A. If the numbers start to go down and districts feel it is safe to go back to school but we haven’t gotten a good number of people vaccinated yet, they are going to need these plans to come back to school. You are not going to open up the doors like you did in 2019. It must be done gradually and safely, so these plans will be critical and they are going to be critical for the next pandemic whenever we have it, which could be in our lifetime.
I could be wrong, but I would be very surprised if the whole school year is virtual. If we can do masking and social distancing and use public health intervention tools and add vaccination to that, I expect people will start to feel comfortable by second semester to start opening schools, if not sooner, but I have no way to predict that. Whenever the time comes to start reopening schools, they’ve already got their plans.

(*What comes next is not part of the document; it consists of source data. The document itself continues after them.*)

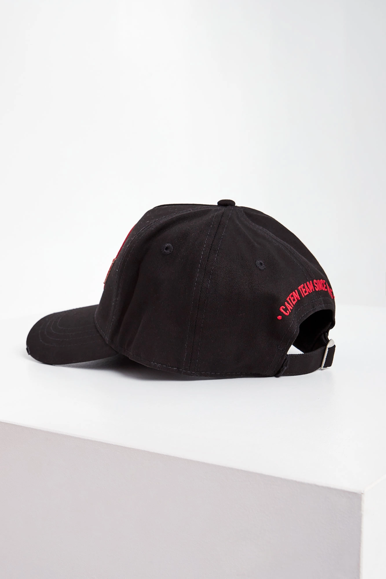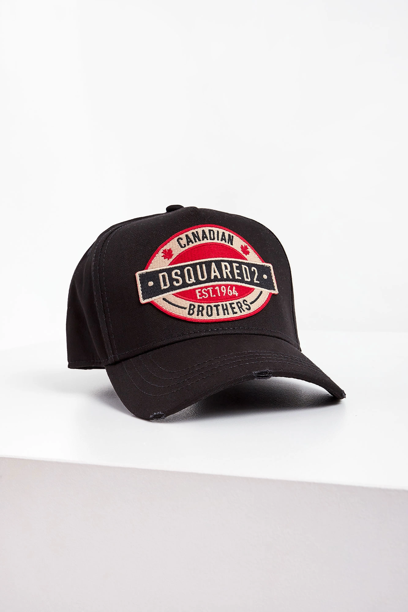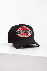 Czapka marki Dsquared2 w czarnym kolorze. Z przodu kolorowa naszywka z nazwą i logo marki. Z tyłu, nad regulacją, wyszyty czerwony napis. Na daszku ozdobne przeszycia i przetarcia. Wygodna i przewiewna. Wykonana z czystej bawełny.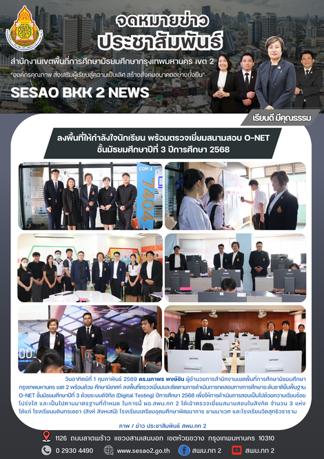 ลงพื้นที่ให้กำลังใจนักเรียน พร้อมตรวจเยี่ยมสนามสอบ O-NET ชั้นมัธยมศึกษาปีที่ 3 ปีการศึกษา 2568
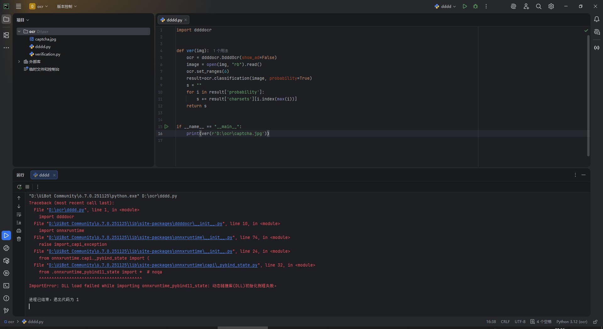 之前版本uibot正常使用。本地完整3.12.0解释器正常运行。新版uibot引用py脚本报错(见图2),uibot自带python解释器执行脚本报错(见图1)。uibot工程师自己试试用新版引用onnxruntime这个库报不报错。能修复的话麻烦回复一下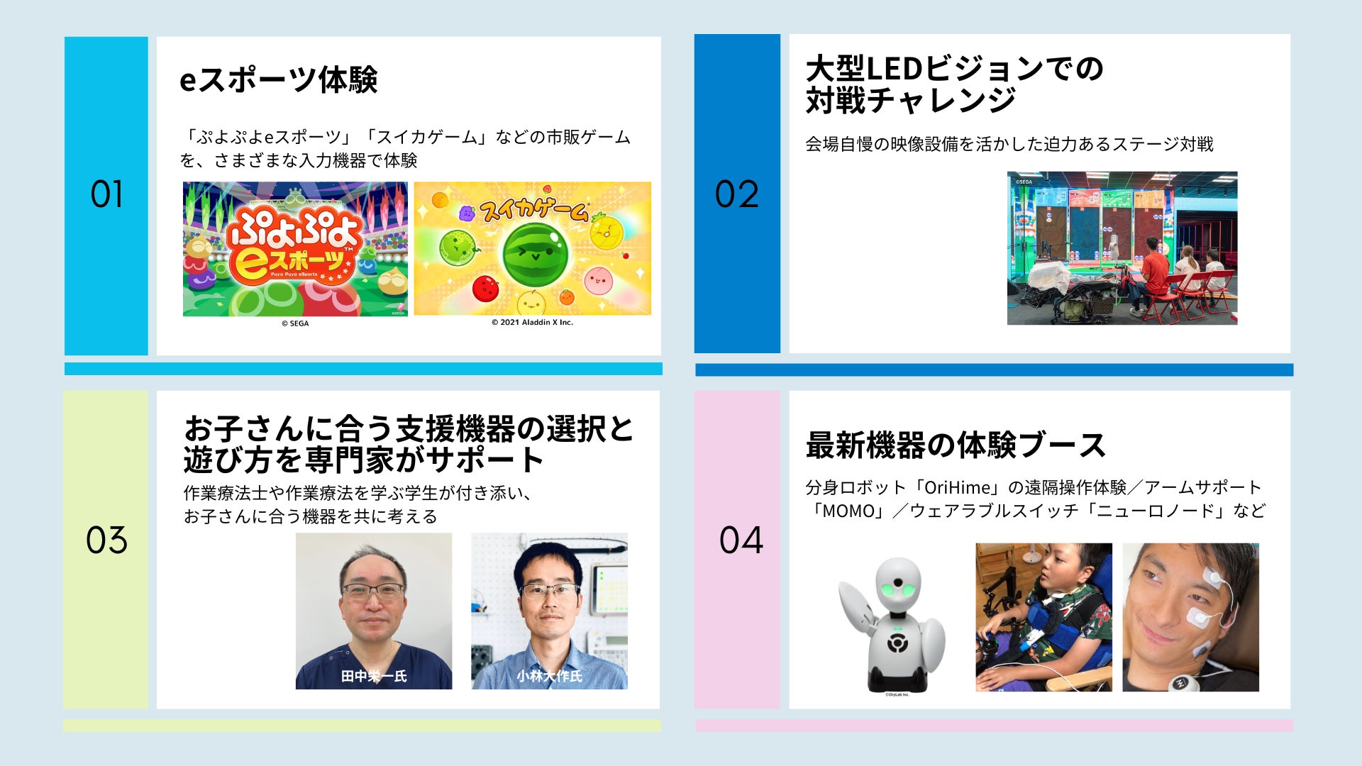 わずかな力で操作できる入力デバイスや視線入力装置などのインクルーシブ・テクノロジー(以下、「インクルーシブ・テック」)を用いて、市販のゲームを体験するイベントです。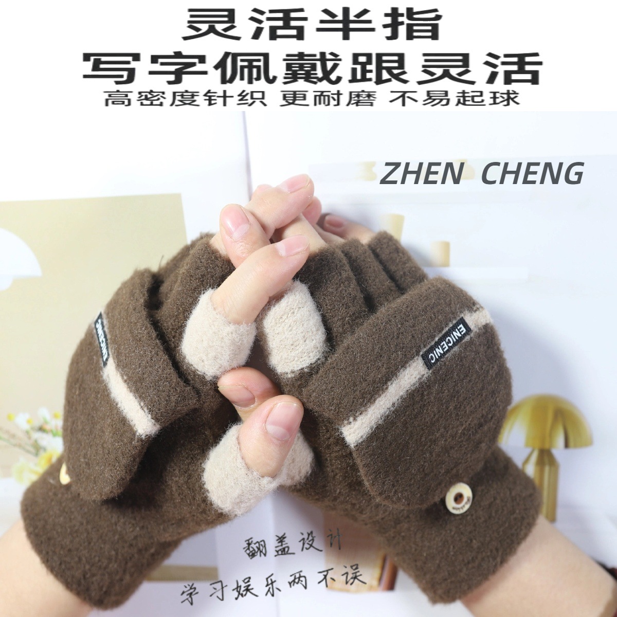 가을 겨울 재고 유니버설 스트라이프 귀여운 블루 한국 스타일 수 놓은 반 손가락 장갑 겨울 따뜻한 전기스토어 가기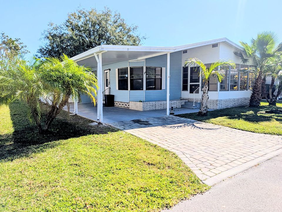 Welcome to this charming 2 bedroom, 2 bath home in beautiful Whispering Pines 55 Community! This home provides covered parking, a large attached shed, an 8 x 10 lanai and a spacious floor plan. It's just waiting for you to come and put your finishing touches! The monthly fee of $1507 is a fantastic value as it includes Land Lease, Water, Sewer, Trash, Yard Waste Services, Gated Entry; as well as, use of our resort style amenities that include heated pool and spa, firepit, cornhole, microgolf, pickleball courts, fitness center, and an awesome bark park with grooming station! Attend one of MANY monthly activities in our clubhouse and reserve it for any special event you'd like to host! Call today to schedule your tour!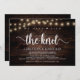 Vi har bundit knuten till Bröllop Elopement-meddelande/inbjudan-kort, i Rustic farm Wood, String Ljus design. Det här är perfekt för ditt bröllopsmottagande och party efter bröllop firande. Lägg till information i matchande teckensnitt/text. #TeeshaDerrick

They don’t have to wring their hands. They just pull it out of that top desk drawer and say, ‘OK, here we go.’
Q. Gov. Beshear often says we will get through this together. How can school board members, administrators, teachers and other school staff help Kentuckians get through the pandemic?
A. Many positive changes in society have started in our school systems, from women’s education and voting rights to desegregation. We have looked to public education as a way to improve social norms in this country, and this pandemic response is another place. School leaders need to be the example and lead with social distancing and masking. Getting our communities safer will allow our schools to reopen sooner.
The community looks to their school board as leaders. If you decide to have 47 people over for a barbecue with no masks and no social distancing, they will see that too. That is leading in the wrong direction.